YOUR OBJECTIVE: Every line of the material below needs to be copied exactly; omit the pictures.

RECORDED DATA:
◆ ◆ ◆ ◆ ◆
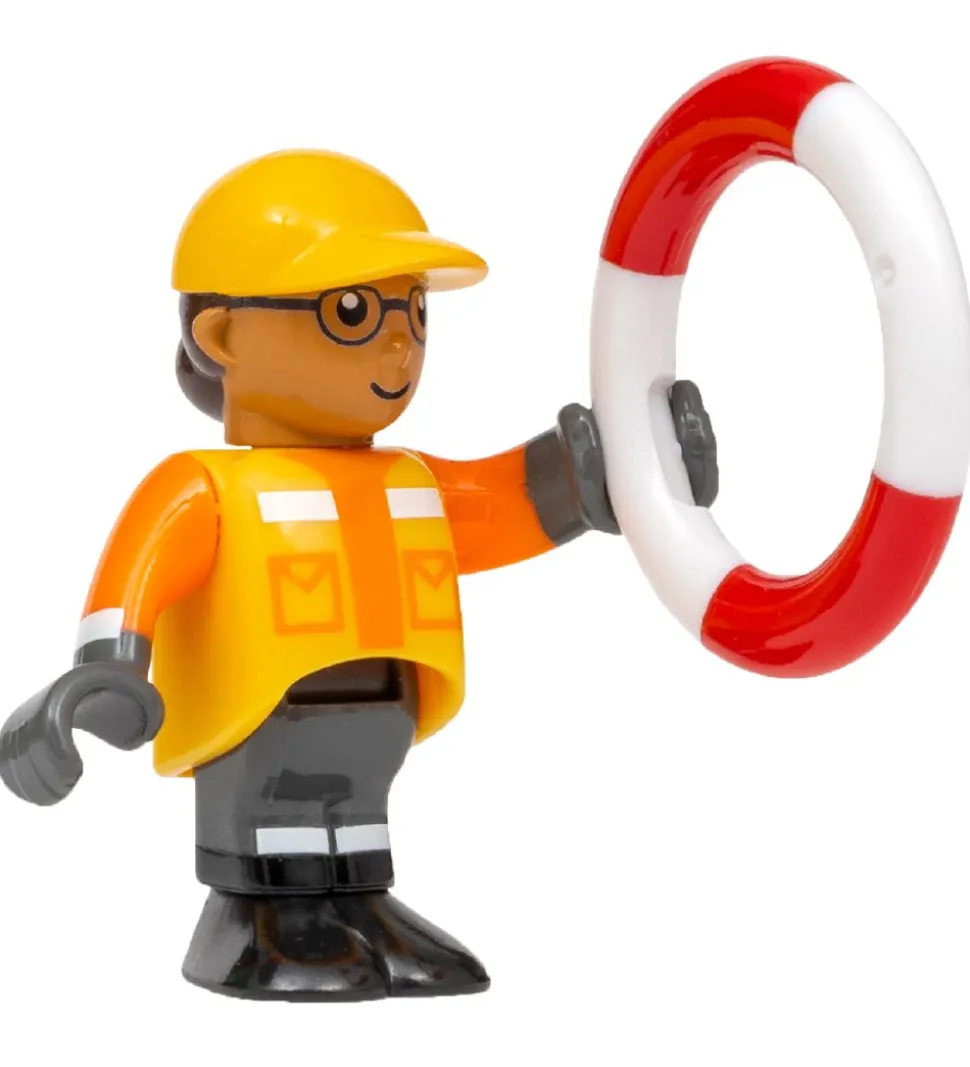 BRIO containerkranen kan med en magnet løfte containere af både tog og lastbiler. Kranen kan bevæge sig op og ned, og førerhuset kan dreje og skubbes fra side til side Under kraen er der to spor, og der er palds til at alle containerne kan palceres sikkert på havnen.
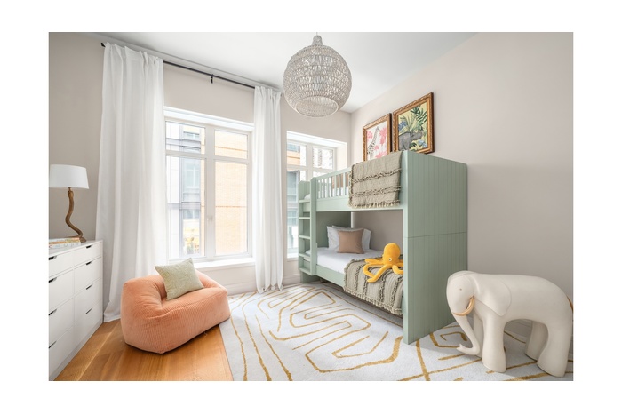The bedroom wing features 7" white oak plank flooring throughout. The spacious primary suite offers two oversized closets and a luxurious windowed 5-fixture bath with Bianco Oro marble slab walls and radiant-heated floors, a limed oak millwork vanity, custom medicine cabinets and lighting by Kelly Behun Studio, and Waterworks fixtures in burnished nickel.
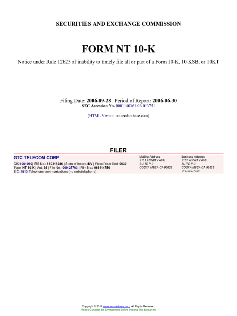 This document serves as a notification to the Securities and Exchange Commission (SEC) regarding GTC Telecom Corp\'s inability to file its Form 10-K for the period ended June 30, 2006, due to the unavailability of data and financial statements without unreasonable effort or expense.
◆ ◆ ◆ ◆ ◆
THE COMPLETED TASK:
 BRIO containerkranen kan med en magnet løfte containere af både tog og lastbiler. Kranen kan bevæge sig op og ned, og førerhuset kan dreje og skubbes fra side til side Under kraen er der to spor, og der er palds til at alle containerne kan palceres sikkert på havnen.
The bedroom wing features 7" white oak plank flooring throughout. The spacious primary suite offers two oversized closets and a luxurious windowed 5-fixture bath with Bianco Oro marble slab walls and radiant-heated floors, a limed oak millwork vanity, custom medicine cabinets and lighting by Kelly Behun Studio, and Waterworks fixtures in burnished nickel.
 This document serves as a notification to the Securities and Exchange Commission (SEC) regarding GTC Telecom Corp\'s inability to file its Form 10-K for the period ended June 30, 2006, due to the unavailability of data and financial statements without unreasonable effort or expense.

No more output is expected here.